As the United States approaches its 250th birthday on the Fourth of July, European commentary has settled into a familiar register that we all have heard before: Donald Trump is administering the death blow to American democracy, the institutions are crumbling, and China stands ready to inherit the earth, and that the American century is ending.
Maybe. But then again, we have heard this story before, and there is a simple test for this genre: Replace the name Donald Trump with George W. Bush and most of these pieces could still have been published, almost word for word, twenty years ago. Replace China with Japan and they could have run in the late 1970s, when we were told how the “Island of the Rising Sun” will overtake the United States. There was an even more amusing subgenre created by people like Jeremy Rifkin who wrote a 2004 book claiming that “Europe’s vision of the future is quietly eclipsing the American Dream.”
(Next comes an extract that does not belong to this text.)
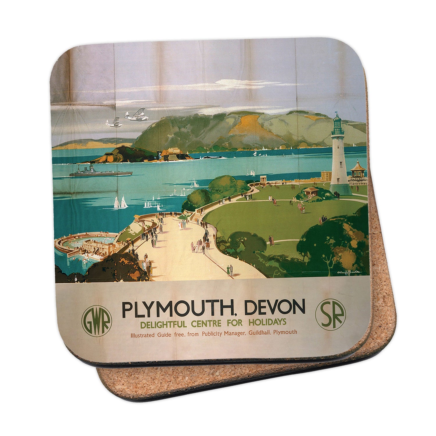 Protect your table surfaces with these durable cork coasters. Beautiful design of Plymouth Devon, Delightful Centre for Holidays. Perfect for any Railway Posters enthusiast.

Still, Mr. Rifkin has yet to surpass my all-time favourite, a 2009 piece by “analyst” Parag Khanna, that announced the EU as the world’s first “metrosexual superpower” poised to strut past “bumbling United States on the catwalk of global diplomacy”. I could do this all day, but I will end with John Kampfner’s 2020 book with the hilarious title “Why the Germans Do It Better: Notes from a Grown-Up Country.” Nobody embodies the perpetual teenager (albeit with a few wrinkles, given its demographics) better than Germany: A country that out of sheer spite destroyed its own energy supply and created one of history’s worst migration crisis. Very grown up, indeed, as the British would say.